这里的防备力度变得更加严密了,每个死角都有明哨视线覆盖。
明哨周围潜伏的暗哨设立得更多了,而且他们彼此之间都有照应。
若杀了任何一人,都会立即被惊动。
同时增添了好几个流动哨小队,来回巡视内宅的每一处,覆盖完整,力求不留一个空隙。
丁典压低声音说:“郎君,想要不惊动任何人潜入进去,怕是有些难。这里设防的人很有本事,不如我出手,吸引敌人的注意力,你伺机偷袭敌方高层,如何?”
韩慎点了点头:“可惜没法带弓箭,要不一射一个准。”
“等真正安全下来,我们便寻个高手匠人,为你制作一把强弓。赵宋的规矩就是狗屁,这长乐帮不是人人都拿着手弩吗?郎君,你小心一点。”
“你也是。”
说完后,丁典忽然抓起一枚铁蒺藜,朝着竹林中两块假山石中打了过去。
这是他得自青城派弟子的暗器,在他深厚的内力下,铁蒺藜远比青城派弟子用雷公轰打出的威力强劲多了。

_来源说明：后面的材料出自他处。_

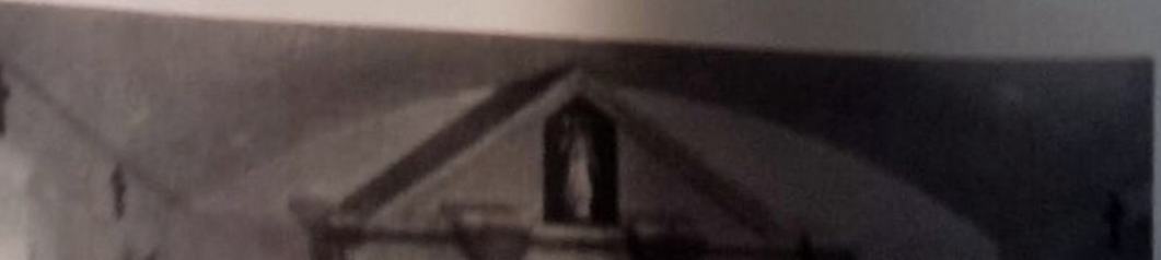
Sol. 151 Sant Pere Peà; m. Navès; Cp.; Parserisses; s/c (292, 5°17'12" - 42°04'15"). fotos: (a dalt) Vista exterior de la capella amb la façana mig coberta d'heura (juliol 1981); (al mig) Interior de la capella amb la capçalera (juliol 1981).

连半个呼吸的时间都没到,暗器便已经打入到那里的暗哨身上。只听得闷哼一声,周边的竹子便出现一阵摇晃,接着便有重物着地的声音传出。
这边的动静,立即便引起了长乐帮弟子的注意。很快便有人出来查看。那人相当警惕,左手举着一面藤条编织的盾牌,举在自己头顶,弓着腰朝着假山那边移动。
丁典的目标却不是他,他连发四枚铁蒺藜,几乎是在一瞬间,四周设立的明哨便倒了下去。
“敌袭!敌袭!”
四面八方都有长乐帮弟子呼喊,那举着盾牌的长乐帮弟子立即加快了脚步,想钻入掩体,与同伴汇合后再来找寻敌人。
但很显然丁典并没有给他这个机会,只见丁典飞跃而出,凌空下击,瞬间便扑到了那人面前。
那人只察觉到身后气流有异,还没明白过来是怎么回事,便感到手中一松,盾牌已经被夺走了。
握着盾牌把手的手心突然现出红痕,那是突然剧烈摩擦划翻了他手心的皮肉,剧痛顷刻间爆发出来,可这感觉还没持续多久,他的意识就已经消失了。
丁典扭断那人脖子,便用盾牌护住身体,朝着内宅深处杀去。
这时,周围的长乐帮弟子全都杀了出来,从四面八方涌向丁典,不停地放着弩矢,同时不断呼喊示警。
而丁典将内力附着到盾牌上,有内力缓冲,盾牌对弩矢的抵御力大大增强,这种方式要比直接运使先天罡气形成气壁要省力多了。
他挥动盾牌,将门户守得密不透风,漫天矢雨绝大多数都钉在了盾牌上,另外少数弩矢也在他高速移动下,射中了影子。
丁典并没慌着对付长乐帮弟子,他要将动静闹大,惊出长乐帮高层,甚至帮主,便于韩慎偷袭。
很快,他的策略就奏效了。
只见有两名中年男子一左一右,分别从两边宅子里走了出来。